Variable sensitivity domain (VSD) options
VSD has a wide range of options that allow you to choose what kind of abstract objects (and thus abstractions) are used to represent variables of each type.
- --vsd-values [constants|intervals|set-of-constants]
This controls the abstraction used for values, both int and float. The default option is constants which tracks if the variable has a constant value. This is fast but not very precise so it may well be unable to prove very much. intervals uses an interval that contains all of the possible values the variable can take. It is more precise than constants in all cases but a bit slower. It is good for numerical code. set-of-constants uses a set of up to 10 (currently fixed) constants. This is more general than using a single constant but can make analysis up to 10 times (or in rare cases 100 times) slower. It is good for control code with flags and modes.

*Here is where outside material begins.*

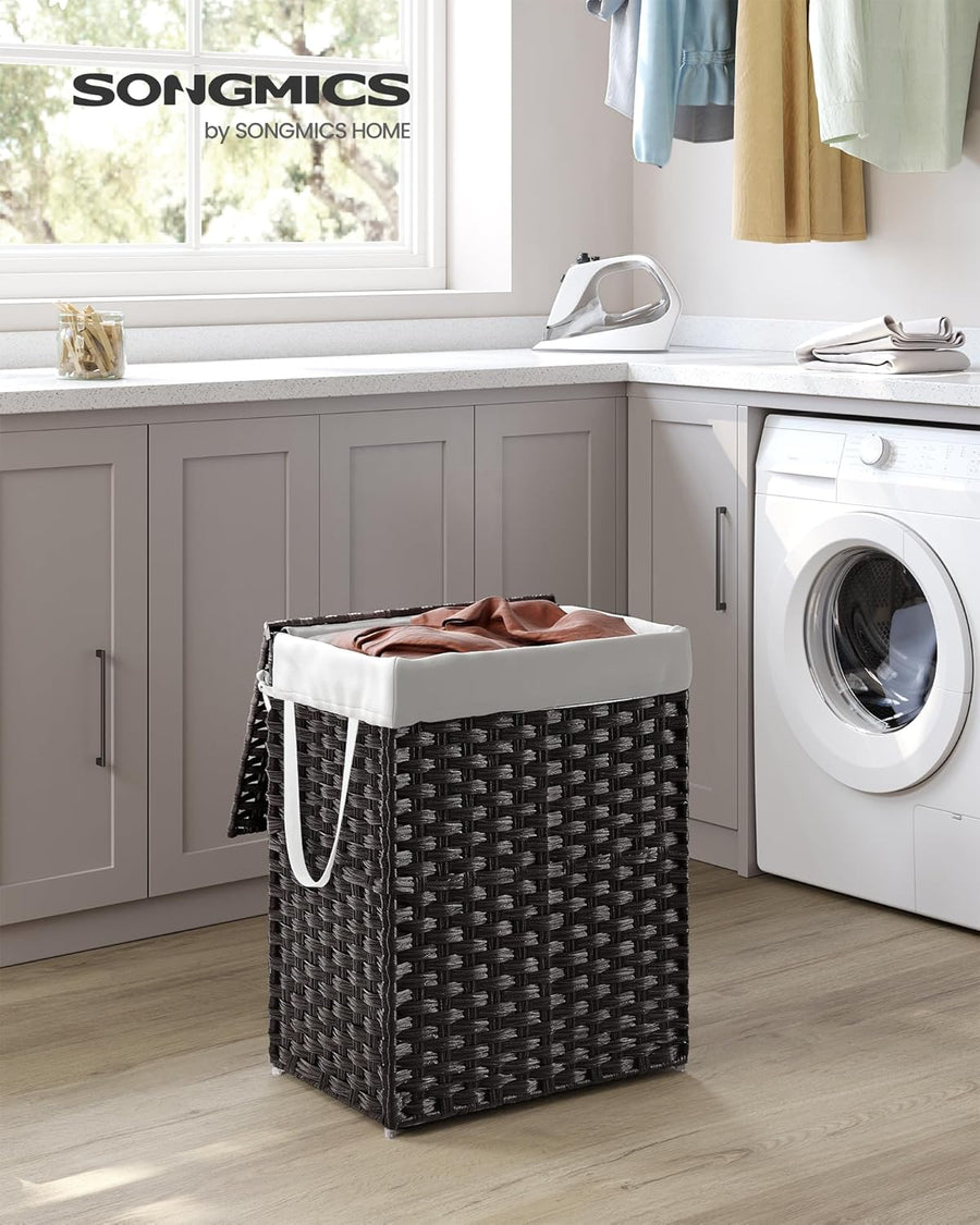 SONGMICS Wäschekorb schmal, Wäschesammler 55 L, Wäschebox aus synthetischem Rattan, mit Deckel und G

- --vsd-structs [top-bottom|every-field]
This controls how structures are handled. The default is top-bottom which uses an abstract object with just two states (top and bottom). In effect writes to structures are ignored and reads from them will always return top (any value). The other alternative is every-field which stores an abstract object for each field. Depending on how many structures are live at any one time and how many fields they have this may increase the amount of memory used by goto-analyzer by a reasonable amount. But this means that the analysis will be field-sensitive.
- --vsd-arrays [top-bottom|smash|up-to-n-elements|every-element]

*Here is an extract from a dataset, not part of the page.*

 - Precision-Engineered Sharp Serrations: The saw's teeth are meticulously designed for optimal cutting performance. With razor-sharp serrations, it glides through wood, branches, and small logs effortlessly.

This controls how arrays are handled. As with structures, the default is top-bottom which effectively ignores writes to the array and returns top on a read. More precise than this is smash which stores one abstract element for all of the values. This is relatively cheap but a lot more precise, particularly if used with intervals or set-of-constants. up-to-n-elements generalizes smash by storing abstract objects for the first n elements of each array (n defaults to 10 and can be controlled by --vsd-array-max-elements) and then condensing all other elements down to a single abstract object. This allows reasonably fine-grained control over the amount of memory used and can give much more precise results for small arrays. every-element is the most precise, but most expensive option where an abstract element is stored for every entry in the array.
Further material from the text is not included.